Story Basket and Centering

You are guided in each session to fill a basket with objects related to the central story, and pass the objects around to the group to focus participants' attention and build curiosity about the story. Obtain a basket large enough to accommodate items of different sizes and shapes, yet light enough for children to easily pass around, if you choose to do that.

The story basket should also have room for at least one sound-making instrument, such as a chime, rain stick, bell, or small drum. You may want to have both a soft and a loud sound instrument. A calming sound that lingers and fades is part of the centering activity that transitions the group from exploring the story basket to listening to or participating in your storytelling. At other times, you will need a sound-making instrument to start and stop the action during a game.

Fidget Objects

The idea of providing children with pipe cleaners or other quiet, manipulable objects to use during sedentary, listening-oriented group activities comes from Sally Patton, author and advocate for children with special needs. It is a simple, inexpensive way to include and welcome children who find it difficult to sit still or who learn better while moving. In Tapestry of Faith curricula, we suggest a basket of fidget objects. See Session 2, Leader Resource 2, Fidget Objects, for detailed guidance.

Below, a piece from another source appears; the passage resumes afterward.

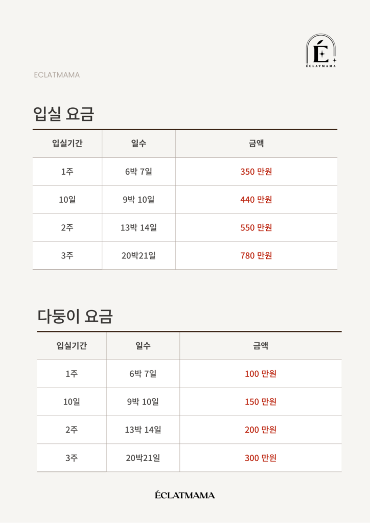 (3) 계약서에 기재된 총 이용금액은 산모와 신생아 각 인이 함께 입실한 요금을 원칙 으로 합니다.

Fidget objects may especially benefit children who are kinesthetic learners, have been diagnosed with ADD or ADHD, or simply tend to be physically restless or highly social during religious school. Get to know the particular children in Faithful Journeys. Decide whether you wish to make fidget objects available for the duration of a session or to limit access, e.g., bringing the basket out only for activities, such as storytelling, that require children to sit still for a prolonged period of time. There are quite a few stories and listening-based activities in this curriculum that require children's full engagement and active participation. At these times, it may be best not to introduce fidget objects unless there is a child who cannot attend otherwise.

Requirements for Your Meeting Space

Work with your religious education team and congregational leaders to ensure that the program has an adequate meeting space. Multiple activities occur in each session: lighting the chalice, sitting in a circle for a story or sharing, stand-up role plays, group games and hands-on projects for which children need to sit together at work tables and share arts-and-crafts materials. For some activities, having a water source nearby will be helpful.

The ideal meeting space for this program is spacious, with multiple areas that include a carpeted space for storytelling; an open space large enough for cooperative group games; and child-size tables and chairs. Identify a wall space where you can post the Faithful Journeys Path for the duration of the program. You will need additional wall space or a sturdy easel for posting newsprint and writing on it.